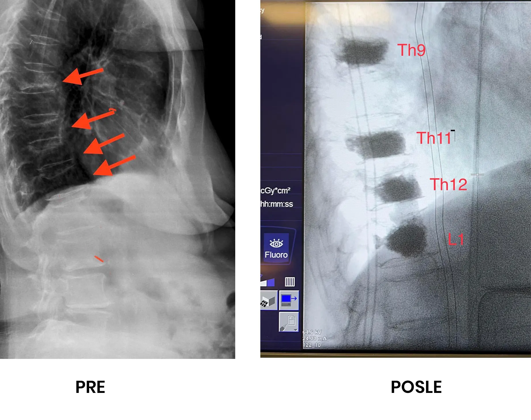 Pacijentkinja od 83 godine, sa naglo nastalim nepodnošljivim bolom u leđima. Ima dokazanu osteoporozu. MR i RTG kičme pokazao je postojanje kompresivnih preloma četiri pršljena, zbog generalizovanja osteoporoze.
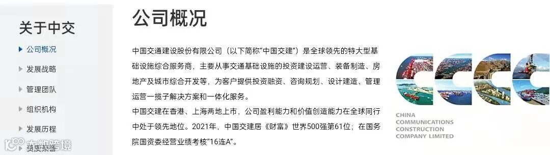 但是,这个企业是真正的大佬。中交集团是世界500强企业,排在61名,背后的实力足见一般。其中,著名的港珠澳大桥、杭州湾大桥、上海洋山港等都是由中交集团建设。
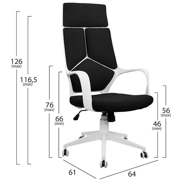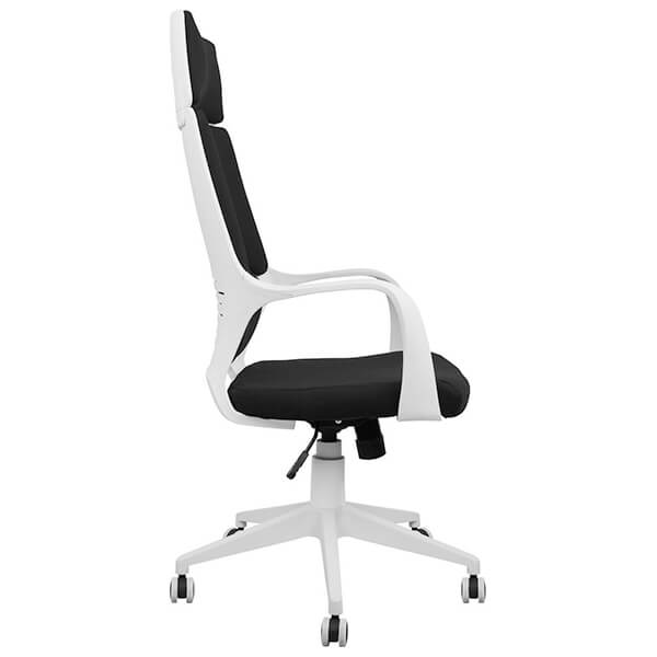 Καρέκλα γραφείου σε έναν άψογο συνδυασμό από λευκό πολυπροπυλένιο και μαύρο ύφασμα για να αναδείξει κάθε γωνία γραφείου.
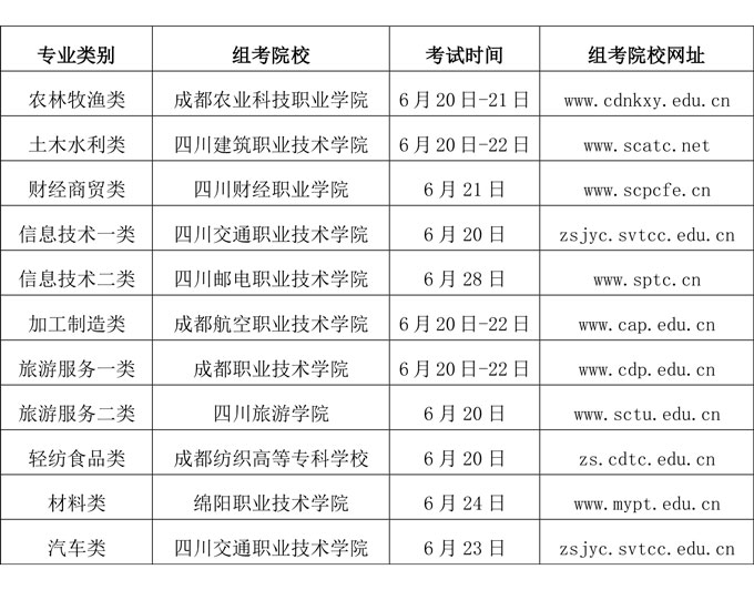 2.技能统考由组考院校组织进行。技能统考的专业类别、组考院校及考试时间如下:
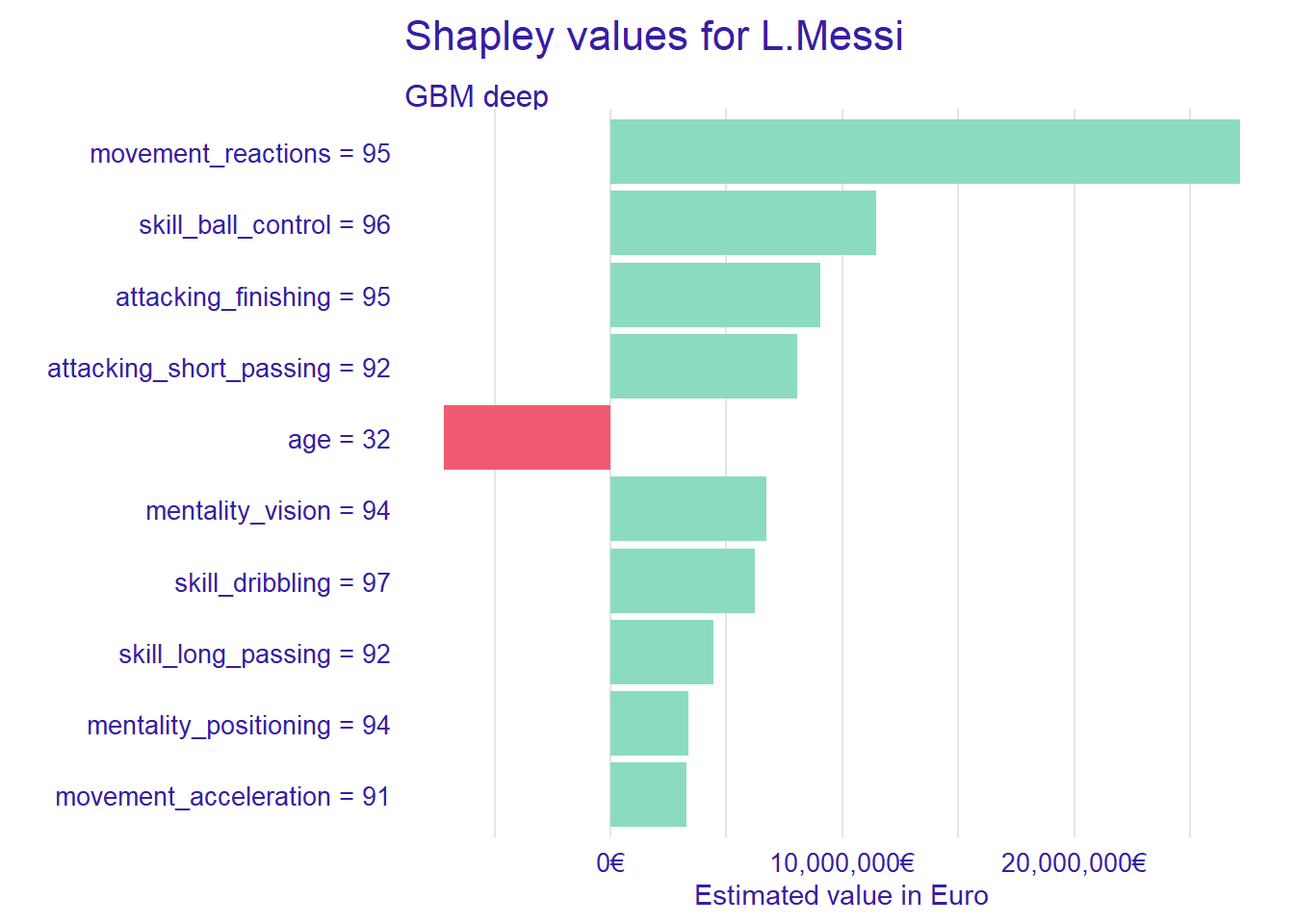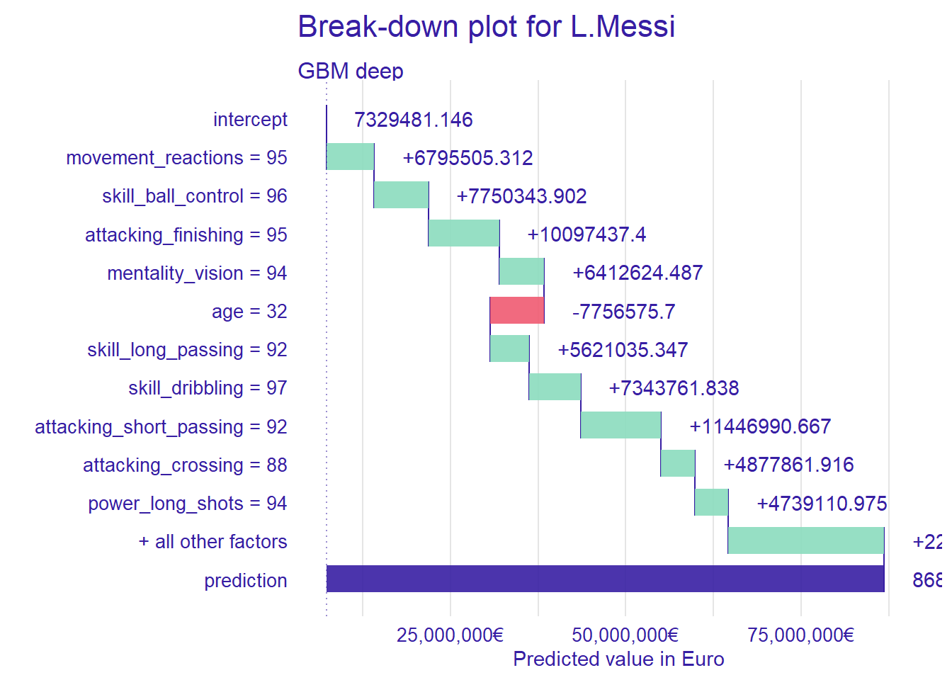 ggtitle("Break-down plot for L.Messi","") ## Scale for y is already present.

-*-*-

## Exercise instructions
Transcribe every line from the one containing "Καρέκλα γραφείου σε" to the end of the listing, exactly and exclusively. Do not carry any picture over.

## Answer box
 Καρέκλα γραφείου σε έναν άψογο συνδυασμό από λευκό πολυπροπυλένιο και μαύρο ύφασμα για να αναδείξει κάθε γωνία γραφείου.
 2.技能统考由组考院校组织进行。技能统考的专业类别、组考院校及考试时间如下:
 ggtitle("Break-down plot for L.Messi","") ## Scale for y is already present.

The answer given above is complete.